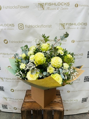 Our Sage Cloud Hand-Tied, a stunning mix of green roses, carnations, white gypsophila, and lush foliage. This elegant arrangement is available in four sizes, making it a perfect choice. This bouquet is a beautiful way to show your love. Order now for UK delivery and make her day truly special.
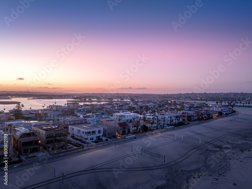 © tamas, Obraz premium Aerial view of colorful sunrise sky over Mission Beach San Diego with residential vacation homes, villas with nobody on the street
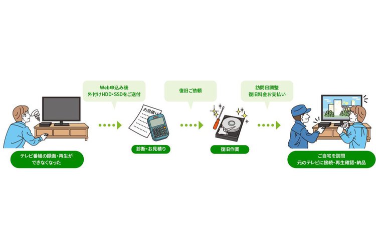 外付けHDD/SSDに録画していたテレビ番組が再生できない、HDD/SSDの電源が入らないといったトラブルが発生した場合に、トラブルの起きたメディアを同社で預かり、録画データを取り出して新しいメディアに復旧するサービス。
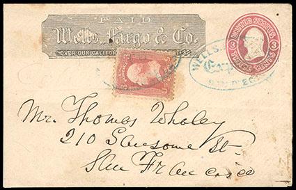 Symbol:Wells, Fargo & Co. Group Lot. Lot of 26 covers (mainly 3¢ entire all additionally franked with 1861 3¢ rose, however a few are Wells, Fargo & Co. usage franked with only 1861 3¢), one is a legal size paste up from Virginia City, N.T., condition is rough, however a few nice covers are included, please see our website for images. Estimate; $750 - 1,000.
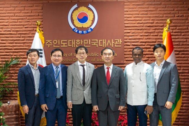 (왼쪽부터) 조성준 주인도대한민국대사관 상무관, 김동규 이엠앤아이 사외이사, 고창훈 이엠앤아이 대표, 이성호 주인도대한민국대사관 대사, 슈레쉬 이엠앤아이 인도 자문, 안한별 주인도대한민국대사관 서기관. [사진=이엠앤아이]
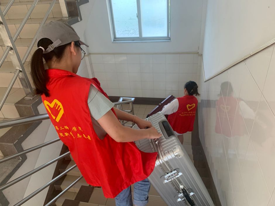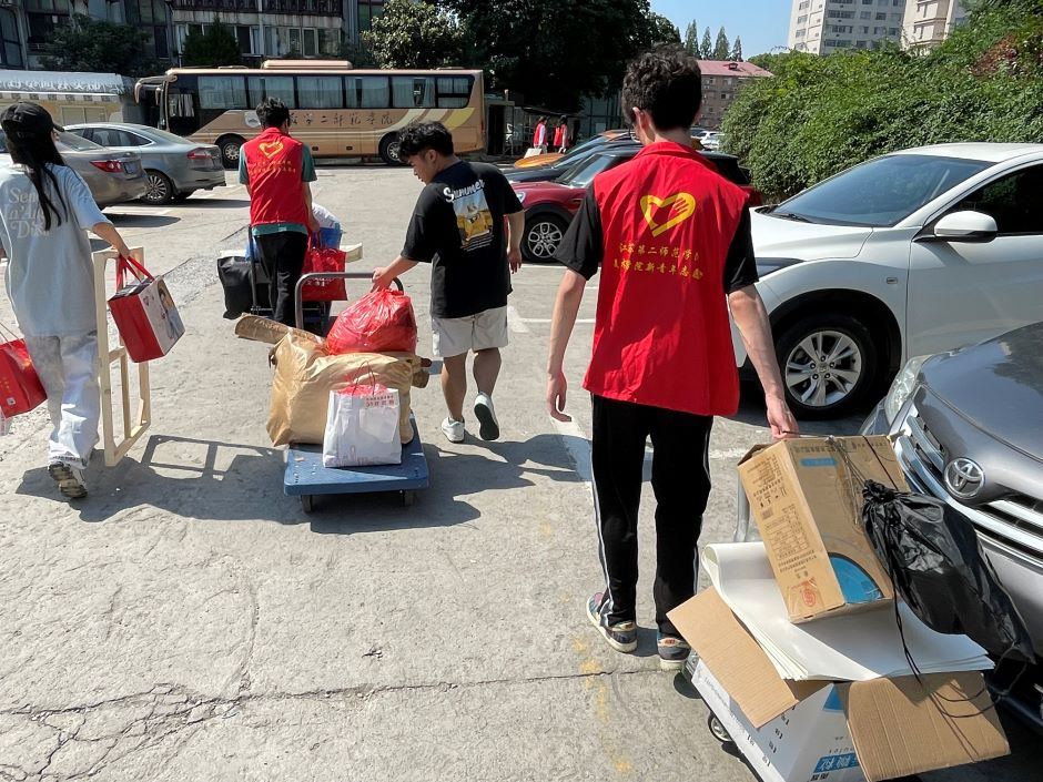 6月20日至23日,美术学院学生党支部响应号召,组织开展“我为群众办实事”志愿服务活动。因疫情防控期间校外车辆和人员不能入校,2021届毕业生在离校搬运行李的过程中出现了困难。在毕业生离校的几天时间里,党员和积极分子们不畏艰难、不惧酷暑,协助毕业生整理行李,并帮他们把行李运送到校门口家人或快递员的车辆中。哪里有需要,哪里就有党员和积极分子的身影,红色的志愿者马甲俨然成为了毕业季一道亮丽的风景线。
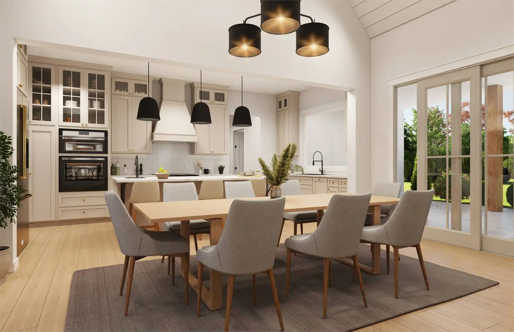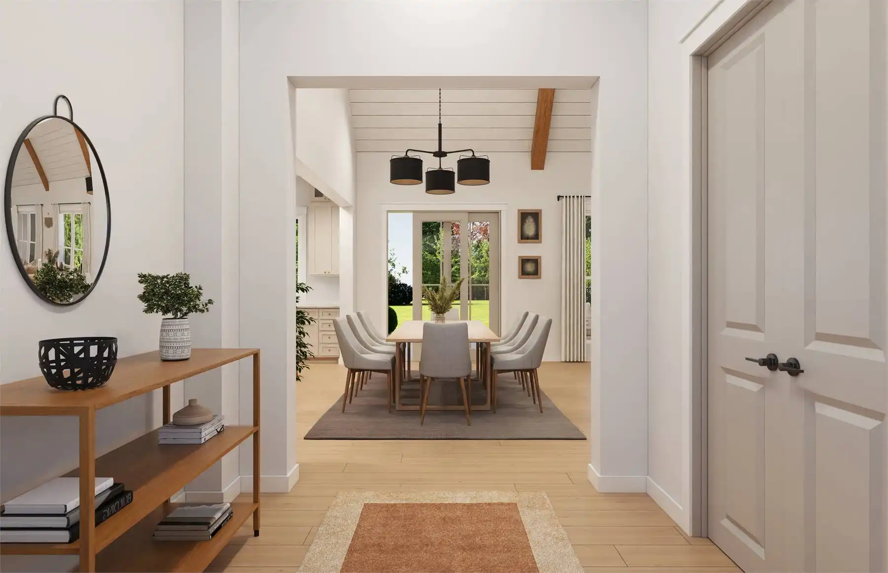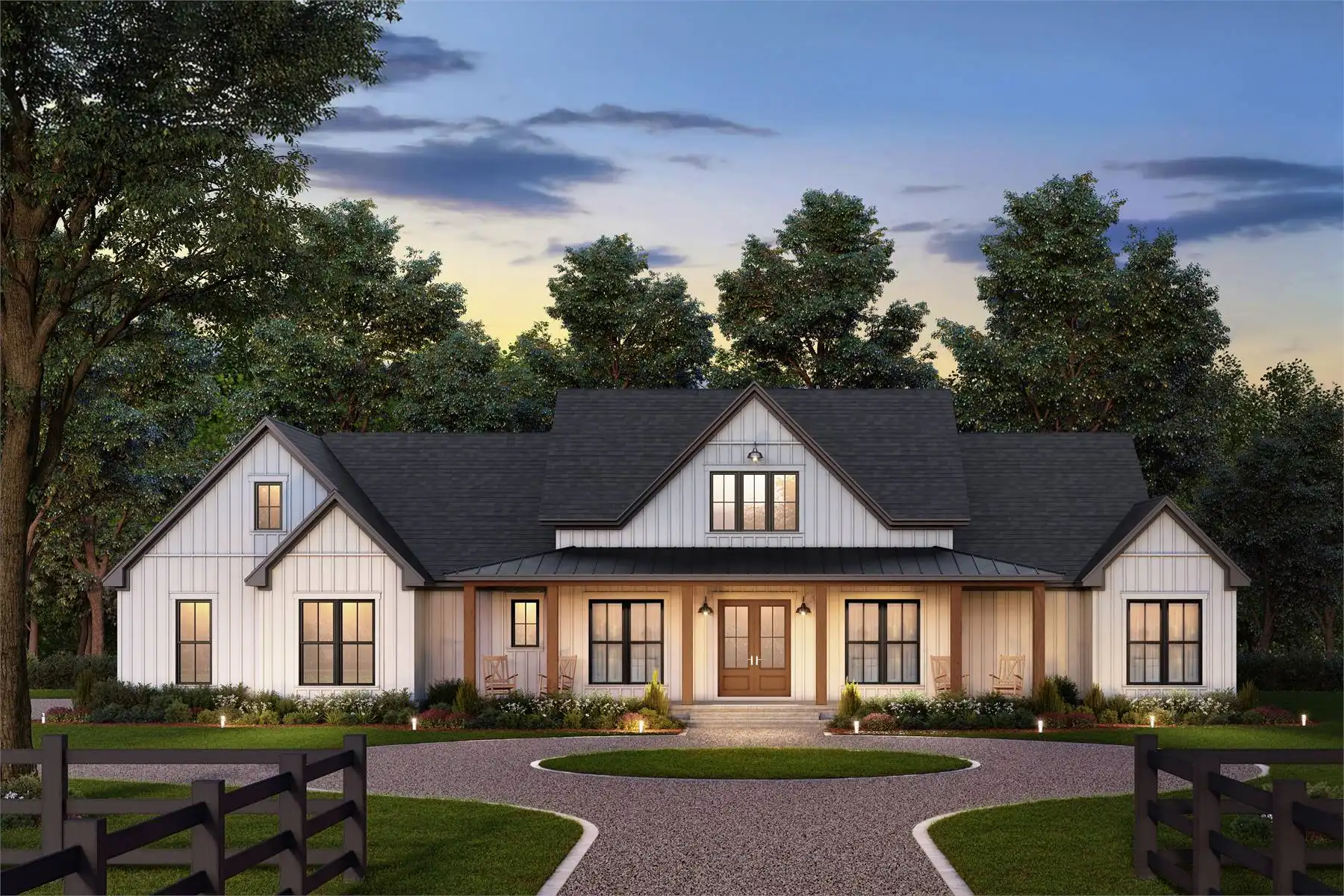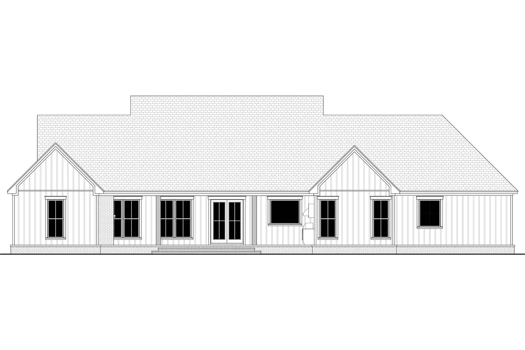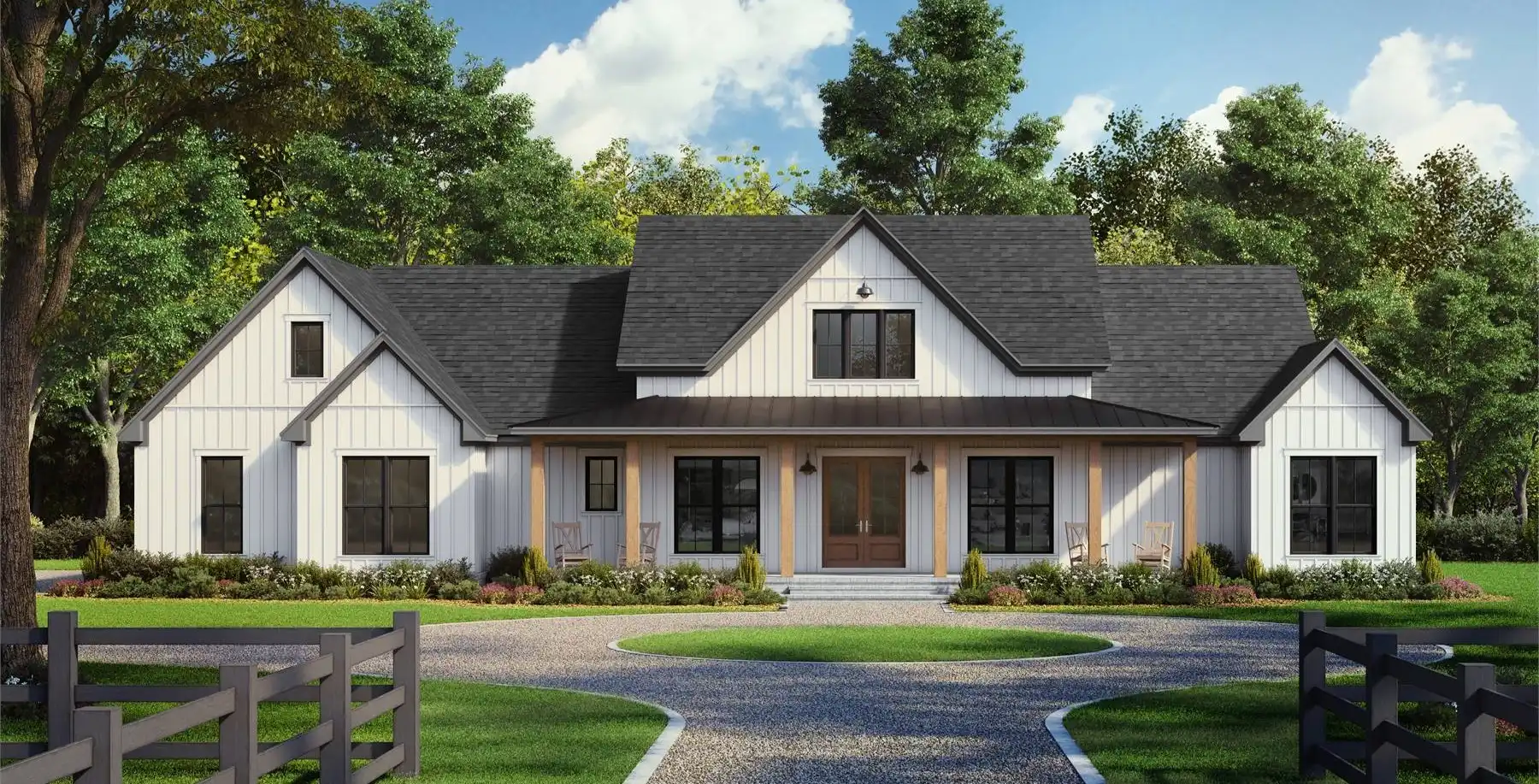House Plan 10140 is a thoughtfully designed 2,500 sq. ft. modern farmhouse home that blends timeless charm with modern practicality. This single-story layout includes 4 bedrooms and 3.5 bathrooms, making it perfect for families seeking both comfort and style. The open-concept great room and dining area feature soaring vaulted ceilings with decorative beams, creating an airy and welcoming space. At the heart of the home, the gourmet kitchen boasts a spacious island, walk-in pantry, and ample prep space, seamlessly connecting to the main living areas. The primary suite serves as a private retreat, offering a vaulted ceiling, spa-like en-suite with a freestanding tub, and a generous walk-in closet. Functional spaces like a home office, oversized laundry room, and a three-car garage with extra storage add everyday convenience. Outdoor living is a highlight, with expansive front and rear porches, a built-in outdoor kitchen, and a cozy fireplace for year-round enjoyment. Blending elegance and practicality, House Plan 10140 is an exceptional choice for those seeking a refined yet inviting home.
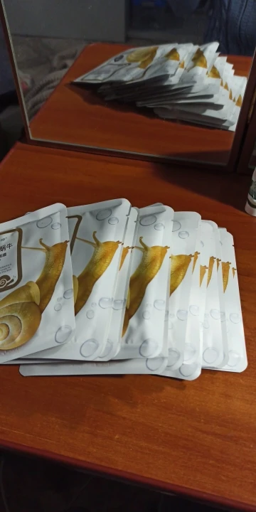 Маска на основе слизи улитки, заказала 11штук по 5, получила 55штук, продавец упаковал в прочный целофановый пакет,шла посылка в Израиль полтора месяца, всё дошло в отличном состоянии, с продавцом не общалась, небыло надобности,ещё не пользовалась, результаты напишу в дополнить отзывы, спасибо большое продавцу, покупкой очень довольная, рекомендую продавца и его магазин.

##########

__Task instructions__
Every line from the one that contains "House Plan 10140 is a thoughtfully" through the end of the records above is to be reproduced exactly; no picture goes in the copy.

__Exercise output__
House Plan 10140 is a thoughtfully designed 2,500 sq. ft. modern farmhouse home that blends timeless charm with modern practicality. This single-story layout includes 4 bedrooms and 3.5 bathrooms, making it perfect for families seeking both comfort and style. The open-concept great room and dining area feature soaring vaulted ceilings with decorative beams, creating an airy and welcoming space. At the heart of the home, the gourmet kitchen boasts a spacious island, walk-in pantry, and ample prep space, seamlessly connecting to the main living areas. The primary suite serves as a private retreat, offering a vaulted ceiling, spa-like en-suite with a freestanding tub, and a generous walk-in closet. Functional spaces like a home office, oversized laundry room, and a three-car garage with extra storage add everyday convenience. Outdoor living is a highlight, with expansive front and rear porches, a built-in outdoor kitchen, and a cozy fireplace for year-round enjoyment. Blending elegance and practicality, House Plan 10140 is an exceptional choice for those seeking a refined yet inviting home.
 Маска на основе слизи улитки, заказала 11штук по 5, получила 55штук, продавец упаковал в прочный целофановый пакет,шла посылка в Израиль полтора месяца, всё дошло в отличном состоянии, с продавцом не общалась, небыло надобности,ещё не пользовалась, результаты напишу в дополнить отзывы, спасибо большое продавцу, покупкой очень довольная, рекомендую продавца и его магазин.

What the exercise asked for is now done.